Provided records -
# # # #

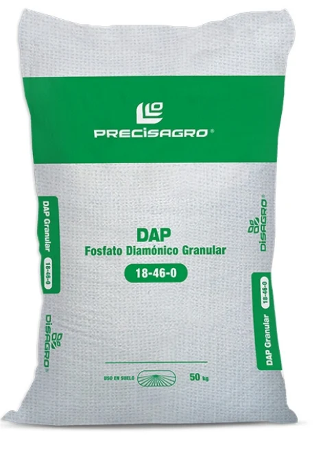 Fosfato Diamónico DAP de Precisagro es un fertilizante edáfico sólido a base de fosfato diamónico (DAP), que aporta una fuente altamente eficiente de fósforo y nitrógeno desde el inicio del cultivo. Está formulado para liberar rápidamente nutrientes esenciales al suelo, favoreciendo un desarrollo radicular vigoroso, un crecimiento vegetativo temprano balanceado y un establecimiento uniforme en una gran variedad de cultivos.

# # # #

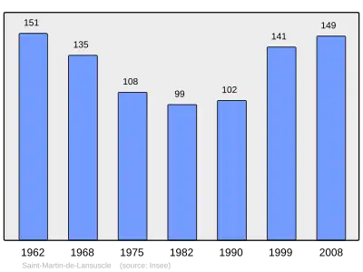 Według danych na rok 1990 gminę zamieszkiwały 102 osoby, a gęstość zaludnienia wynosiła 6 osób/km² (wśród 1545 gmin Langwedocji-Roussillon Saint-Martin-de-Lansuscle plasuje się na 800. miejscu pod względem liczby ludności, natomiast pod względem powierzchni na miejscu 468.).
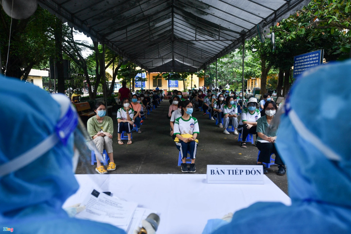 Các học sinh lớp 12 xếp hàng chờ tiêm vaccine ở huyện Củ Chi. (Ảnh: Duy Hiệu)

# # # #

Copy exactly the part of the material above that opens with the line containing "Według danych na" and closes with the line containing "Các học sinh", ends included. Drop the images.

 Według danych na rok 1990 gminę zamieszkiwały 102 osoby, a gęstość zaludnienia wynosiła 6 osób/km² (wśród 1545 gmin Langwedocji-Roussillon Saint-Martin-de-Lansuscle plasuje się na 800. miejscu pod względem liczby ludności, natomiast pod względem powierzchni na miejscu 468.).
 Các học sinh lớp 12 xếp hàng chờ tiêm vaccine ở huyện Củ Chi. (Ảnh: Duy Hiệu)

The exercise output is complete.